4.6. DNA Fingerprinting Construction

Genotype information (GT field) for the core SNP markers was extracted from the VCF files and converted into a biallelic format. For each sample, genotype strings of the core markers were concatenated in a fixed genomic order—based on chromosome number and physical position—to generate complete genotype fingerprint codes.

QR code images were generated using Python 3.11 qrcode library by encoding both the fingerprint codes and associated trait data of each Liriodendron accession.
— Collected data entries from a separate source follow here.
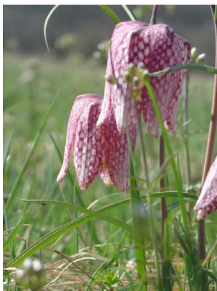
Slika 6. Kockavica

Rodu Fritillaria pripadaju kockavice. One su u RH zaštićene biljne vrste. Međutim, njihove lukovice se mogu kupiti u većim vrtnim centrima. Kockavica cvate u travnju i svibnju a na njenim laticama nalaze se sitne kockice po kojima je i dobila ime.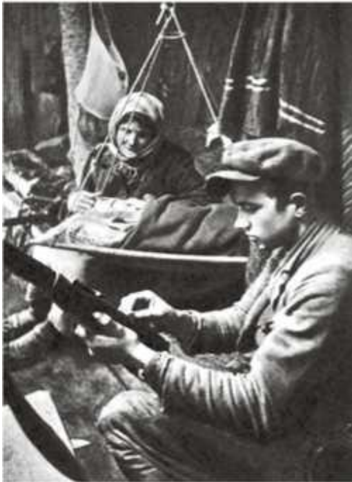
В партизанском семейном лагере

Успех борьбы против оккупантов во многом зависел от сотрудничества партизан и населения. Деятельность партизан поддерживалась большинством жителей.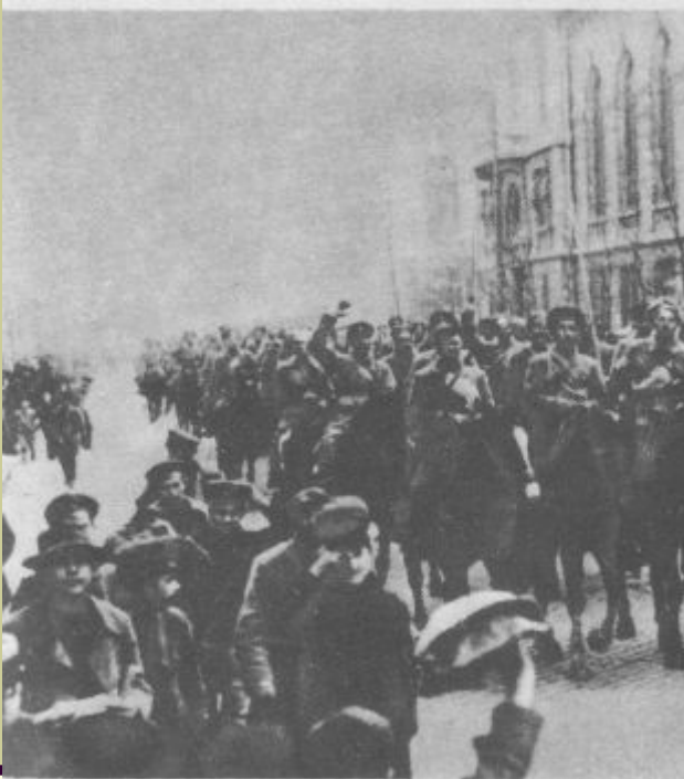
На улицах города.

The resulting QR codes were embedded into an Excel-based fingerprint map using the openpyxl package, producing a visualized “one-code-one-image” format for all accessions.

5. Conclusions

This study systematically characterized Liriodendron germplasm resources through integrated phenotypic and molecular analyses. Phenotypic evaluation of key traits (DBH, tree height, branch number, and crown width) revealed significant variation and trait correlations within the genus, elucidating fundamental germplasm structures that inform selective breeding strategies and superior germplasm identification, thereby enhancing breeding efficiency. Molecular analyses employing high-quality SNPs clarified the genetic diversity and population structure of Liriodendron species. Further, we developed a core SNP-based fingerprinting system that uniquely identifies all accessions through QR-coded digital markers, enabling efficient germplasm management and traceability. These integrated approaches provide robust technical support for Liriodendron germplasm identification, evaluation, and conservation, and favor advancing breeding process for this genus.

Supplementary Materials

The following supporting information can be downloaded at: https://www.mdpi.com/article/10.3390/plants14172626/s1, Table S1: DNA Fingerprinting Profiles and Molecular IDs for 297 Liriodendron Accessions; Table S2: The Codes and Species attribution of 297 Liriodendron Germplasm Accessions; Table S3: Scoring Table for 34 Morphological Traits; Table S4: Data Collection Sheets for 34 Morphological Traits in 297 Liriodendron Accessions.

Author Contributions

Conceptualization, H.L.; methodology, X.L., H.Y. and Y.C.; software, X.L., and T.Z.; formal analysis, X.L., H.Y. and Y.C.; investigation, X.L., F.Z., X.C., T.Z. and H.Y.; resources, H.L.; original draft preparation, H.Y. and T.Z.; writing—review and editing, H.Y., and H.L.; supervision, H.L. All authors have read and agreed to the published version of the manuscript.

Data Availability Statement

The research data supporting the findings of this study will be made available upon reasonable request. The necessary data is supplemented in the Supplementary file.

Conflicts of Interest

The authors declare no conflicts of interest.

Funding Statement

This study was supported by funds from the National Key Research and Development Program (2022YFD2200104) and the Priority Academic Program Development of Jiangsu Higher Education Institutions (PAPD).